[WORK TASK]:
Lines from the one containing "Small measuring tape" through the last line of the records below need to be repeated exactly; nothing else, and no pictures.

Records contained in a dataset

══════════════════════════════

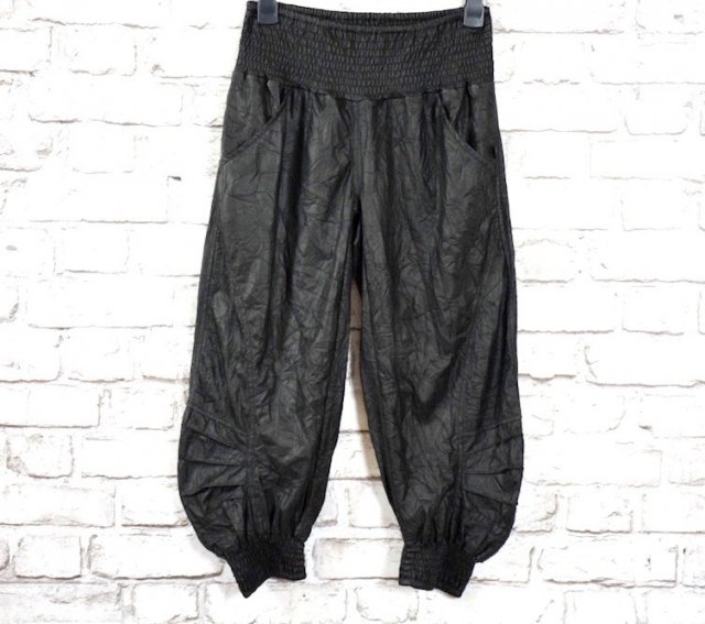 Fajne, luźne czarne spodnie typu pumpy wykonane z fabrycznie pomiętej tkaniny z wyglądu przypominającej z cięnką skórę, w pasie na szerszej gumie, nogawki luźne wykończone ściągaczem, po bokach kieszonki i małe logo marki.Rozmiar jaki widnieje na metce to S, jednak w rzeczywistości wypadają bardziej na M/L.
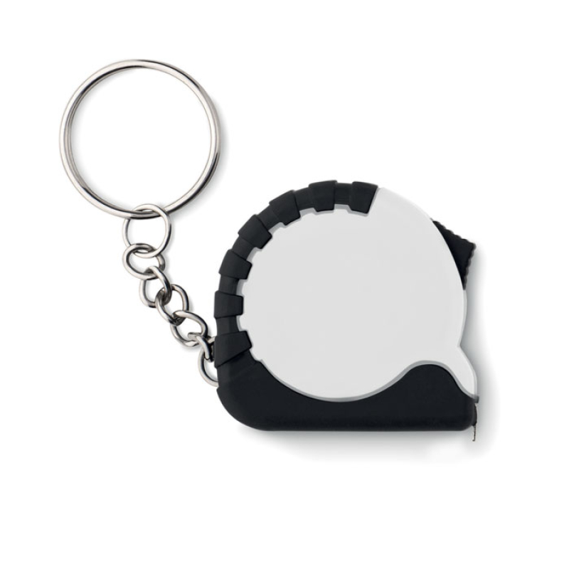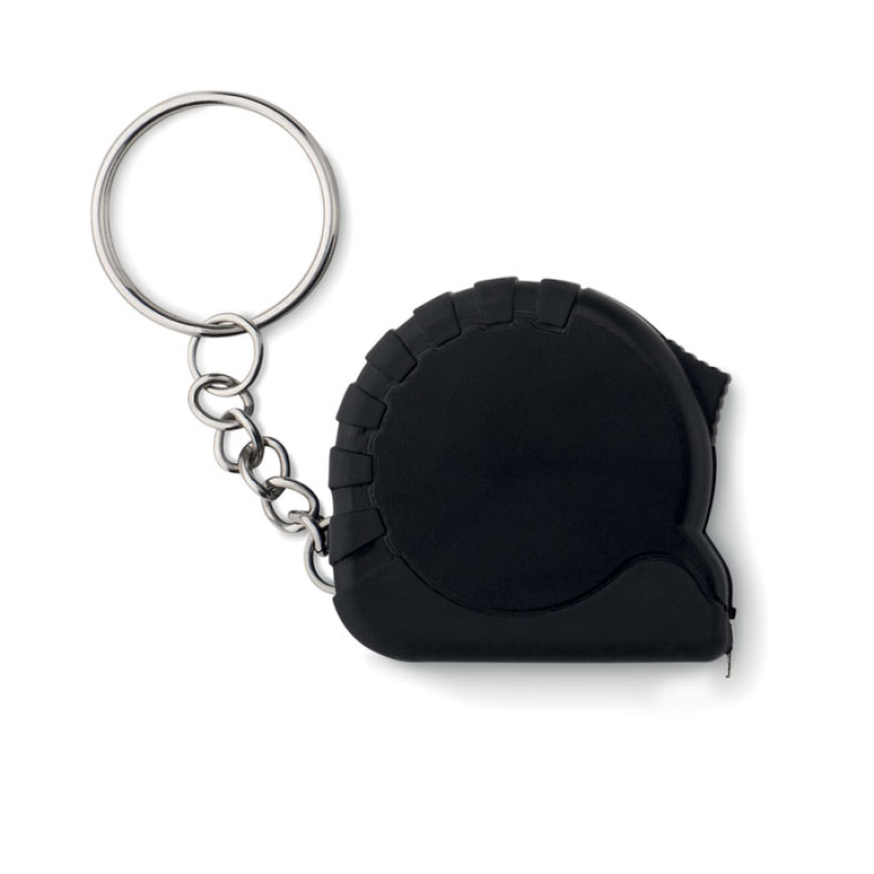 Small measuring tape key ring in ABS casing and rubber edges. 1m length.
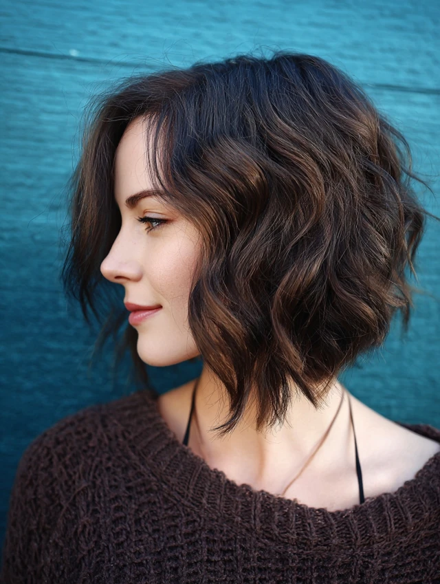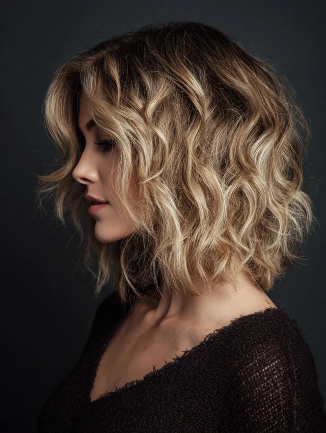 Loose, tousled waves add texture and movement without weighing the sides down, helping to balance fullness.
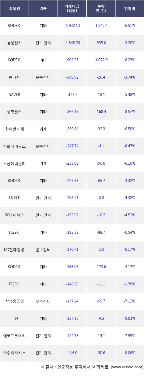 이날 기관 투자자가 순매도한 종목들 중에 KODEX 레버리지, 삼성전자, KODEX 코스닥150레버리지 등은 전일 대비 주가가 하락했다.
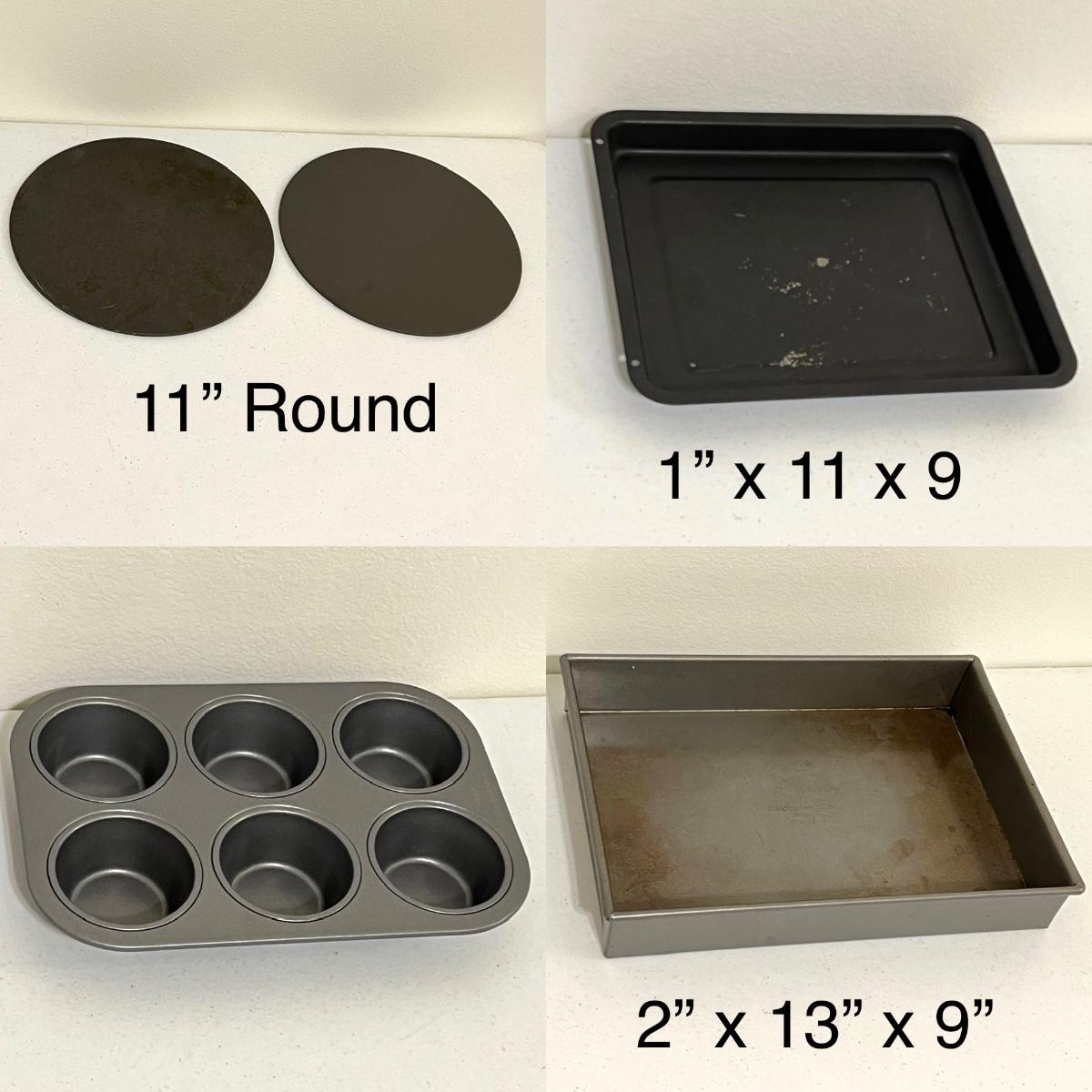 Has been used, but looks new ~ Includes: Oven, 2 pizza pans, rectangular cake pan, 6-cup muffin pan, baking pan, & user manual ~ Dehydrate rack is not included ~ Baking pan is the most used.
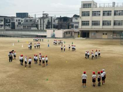 2年生、体育の時間です。これから、しっぽとり鬼ごっこが始まろうとしている場面。友だちと作戦を話したり、取られないように、どんな風に逃げようかと考えたり。わくわく、どきどきスタート直前の様子です。

══════════════════════════════

[ANSWER FOR THE TASK]:
 Small measuring tape key ring in ABS casing and rubber edges. 1m length.
 Loose, tousled waves add texture and movement without weighing the sides down, helping to balance fullness.
 이날 기관 투자자가 순매도한 종목들 중에 KODEX 레버리지, 삼성전자, KODEX 코스닥150레버리지 등은 전일 대비 주가가 하락했다.
 Has been used, but looks new ~ Includes: Oven, 2 pizza pans, rectangular cake pan, 6-cup muffin pan, baking pan, & user manual ~ Dehydrate rack is not included ~ Baking pan is the most used.
 2年生、体育の時間です。これから、しっぽとり鬼ごっこが始まろうとしている場面。友だちと作戦を話したり、取られないように、どんな風に逃げようかと考えたり。わくわく、どきどきスタート直前の様子です。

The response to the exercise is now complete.